WHAT YOU SHOULD DO:
Restate word for word the lines between the start of the material and the line with "- Graceful Mermaid", keeping both of those ends and none of the pictures.

COLLECTED DATA:

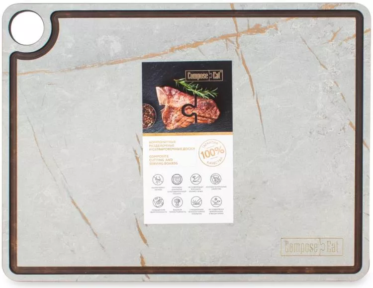 "COMPOSE EAT" ProFashion" Доска разделочная с желобом 32х24см, цв. мраморный Грейс
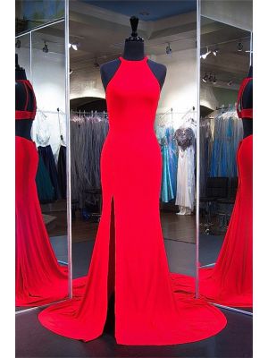 - Graceful Mermaid Halter Sheer Back High Slit Crystal Beaded Red Prom Evening Dresswas $579.00 Special Price $129.00
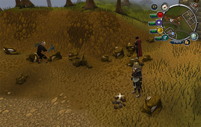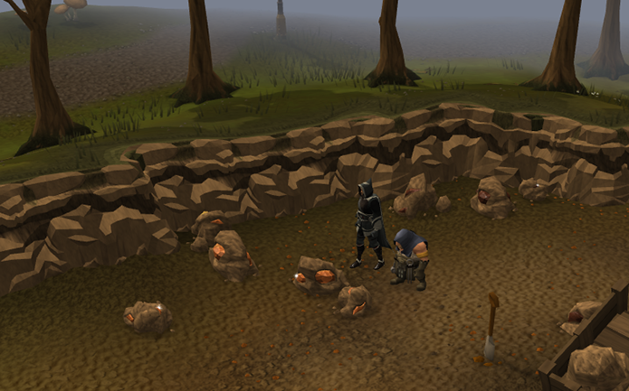 Teleportněte se k lodestonu v Port Sarim, a doběhněte k poslední stanici, dolu v Rimmingtonu. Těsně předtím, než vstoupíte, uvidíte čaroděje s trpaslíkem, jak očarovávají skálu a pak se teleportují pryč. Vy to neřešte, prostě vytěžte nějakou jinou.

REPLY:
 "COMPOSE EAT" ProFashion" Доска разделочная с желобом 32х24см, цв. мраморный Грейс
 - Graceful Mermaid Halter Sheer Back High Slit Crystal Beaded Red Prom Evening Dresswas $579.00 Special Price $129.00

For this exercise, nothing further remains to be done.